Wednesday, January 19, 2011

Playing the Fiddle, Empire Burning Down Edition

When empires fall, the signs are there, but everyone ignores them. Consider this Facebook conversation with a highly educated woman (from one of the best liberal arts colleges on the West Coast) in her mid-20's:

Teacher: [posts article titled, "Global finance ignores world's poor."]

Me: this isn't anything new--the world has always had extremely poor people, and now it's getting worse. People who favor increasing the minimum wage or increasing salaries for lower level jobs in the U.S. make it harder for us to accept poorer immigrants. For many poor immigrants. their only hope is coming to America (and working in jobs most native-born citizens don't want). The best way to assist poorer people is to lower inflation and provide better social services such as cost-effective access to healthcare and top-level education.

You may also want to think about why we've had success incorporating immigrants into our society even as France has become virulently Islamophobic; Sweden has voted in a party with Nazi origins; and the 9/11 terrorists came from Hamburg, Germany. If you treat poor people as unfortunate things to be helped instead of people who deserve jobs and financial independence from the government, then their existence is dependent on the majority population's benevolence and willingness to spend tax dollars. As we've seen, in recessions, majority populations tend to get conservative very, very quickly unless their minority populations contribute economically.

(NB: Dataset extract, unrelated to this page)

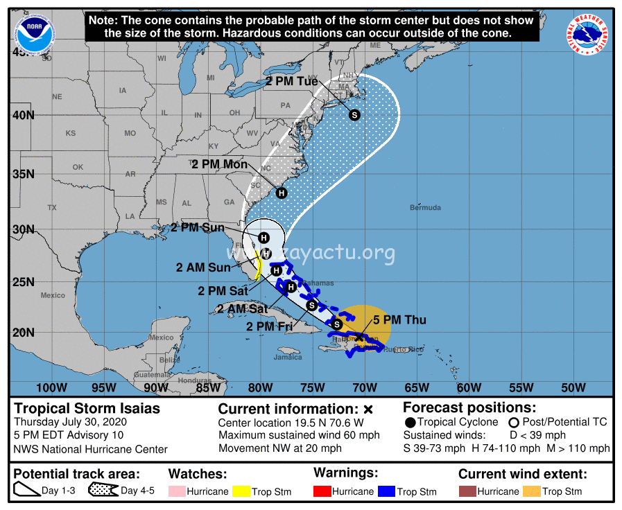 Malheureusement, un nouveau développement du phénomène est attendu dans les prochaines heures. Isaias devrait devenir un ouragan, demain soir avant son passage sur les Bahamas. Pour rappel, cette région du globe se remet tout doucement du passage de l’ouragan Dorian en septembre 2019.
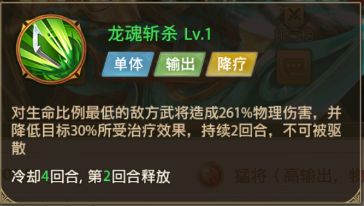 武将小结:单排流武将,攻击对面输出最高的武将并附带不可驱散的治疗,比较适合针对对面的 强攻一波流。

The greatest thing about being a naturalized American citizen who owns a small business is my independence. The corollary of that individual independence is that my country seeks my love based on voluntary, not coercive terms. My family came here, worked hard, paid taxes, helped raise property values for our neighbors, and succeeded based on merit. It's a shame that so many Americans support inflationary economic policies that make it harder for immigrants and poorer people to achieve independence based on merit rather than unstable, short-term charity.

Teacher: Money is great and wonderful and helpful, but it's still just money. If you really want to help change the lives of the poor, you have to help to empower them, help them help themselves. For example, Surin Farmer Support works with farmers here in Thailand who once were victims of the government taking advantage of them. They were given free fertilizer samples and, once used, their crops became dependent on it. In the end, they were spending just as much on fertilizer as they were yielding extra crops, except with a bunch of health issues as well. With the help of the NGO, the people of Surin have been able to learn about their issues more thoroughly and take action. Their rice is now sold in markets throughout the US.

Me:
you said: "If you really want to help change the lives of the poor, you have to help to empower them, help them help themselves."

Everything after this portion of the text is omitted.